### Problem statement
The whole listing should come back exactly as written, except for the pictures.

### Supplied material
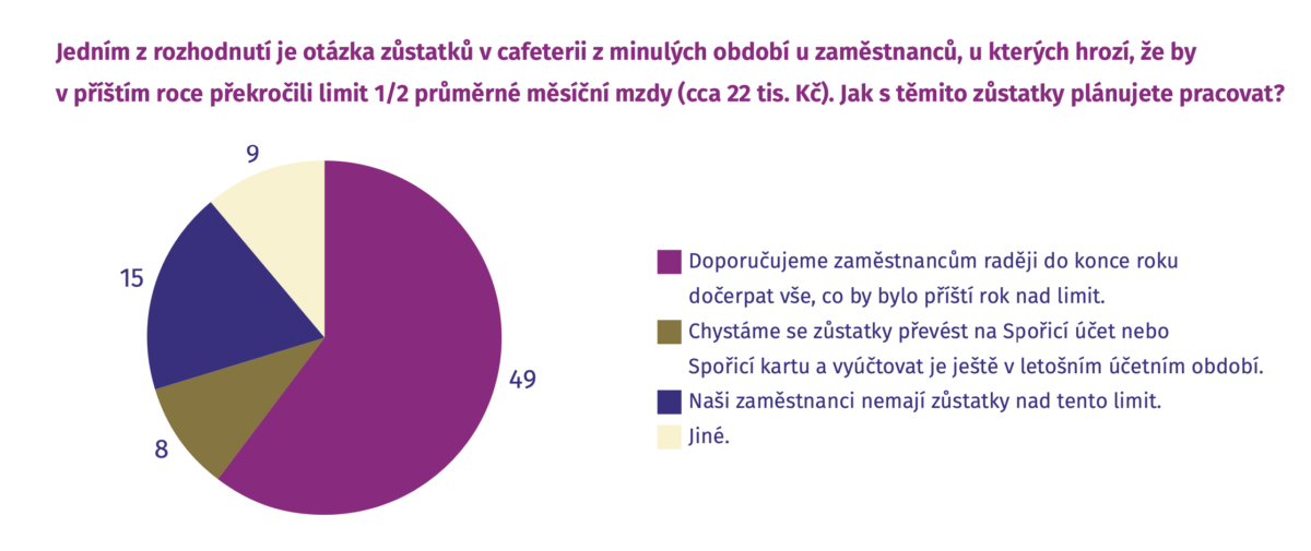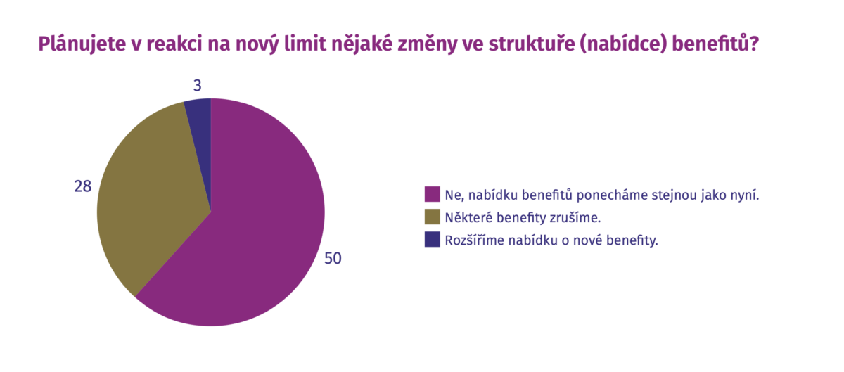 Z poskytnutých odpovědí je patrné, že se většina firem stále snaží vyrovnat s novými výzvami, hledá odpovědi a nemá v tuto chvíli žádné zázračné doporučení pro ostatní firmy. Většina respondentů naopak vyjádřila nejistotu a potřebu dalších konzultací a analýz k adaptaci svých benefitních programů na nové podmínky.
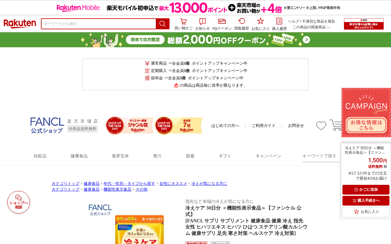 このページはファンケル公式の楽天市場店で販売されている「冷えケア 30日分」という機能性表示食品のサプリメント商品です。女性に多い末端冷えの悩みに対応した日本初の機能性表示食品で、ヒハツ由来ピペリン類を含み、寒冷刺激によ...
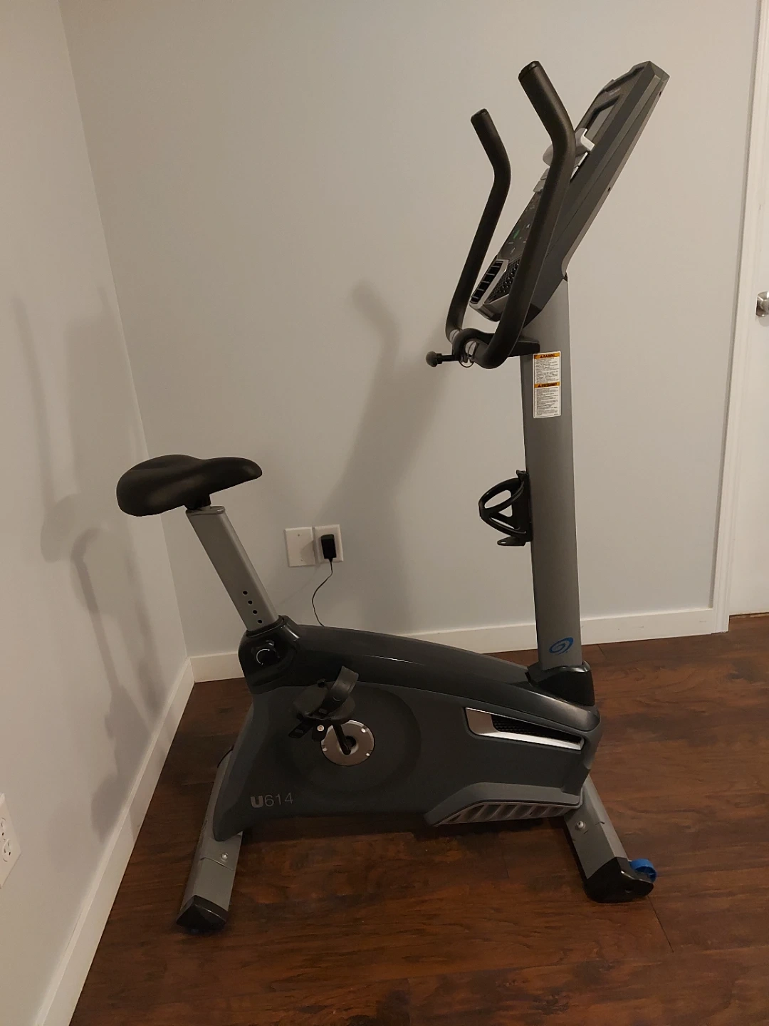 Selling a Nautilus U614 Upright Exercise Bike in like new condition. Features a console with various programs and resistance levels, fans and a water bottle holder. Lightweight and easily moved around with transfer wheels at the base. This bike is great for home workouts!

### Finished task
 Z poskytnutých odpovědí je patrné, že se většina firem stále snaží vyrovnat s novými výzvami, hledá odpovědi a nemá v tuto chvíli žádné zázračné doporučení pro ostatní firmy. Většina respondentů naopak vyjádřila nejistotu a potřebu dalších konzultací a analýz k adaptaci svých benefitních programů na nové podmínky.
 このページはファンケル公式の楽天市場店で販売されている「冷えケア 30日分」という機能性表示食品のサプリメント商品です。女性に多い末端冷えの悩みに対応した日本初の機能性表示食品で、ヒハツ由来ピペリン類を含み、寒冷刺激によ...
 Selling a Nautilus U614 Upright Exercise Bike in like new condition. Features a console with various programs and resistance levels, fans and a water bottle holder. Lightweight and easily moved around with transfer wheels at the base. This bike is great for home workouts!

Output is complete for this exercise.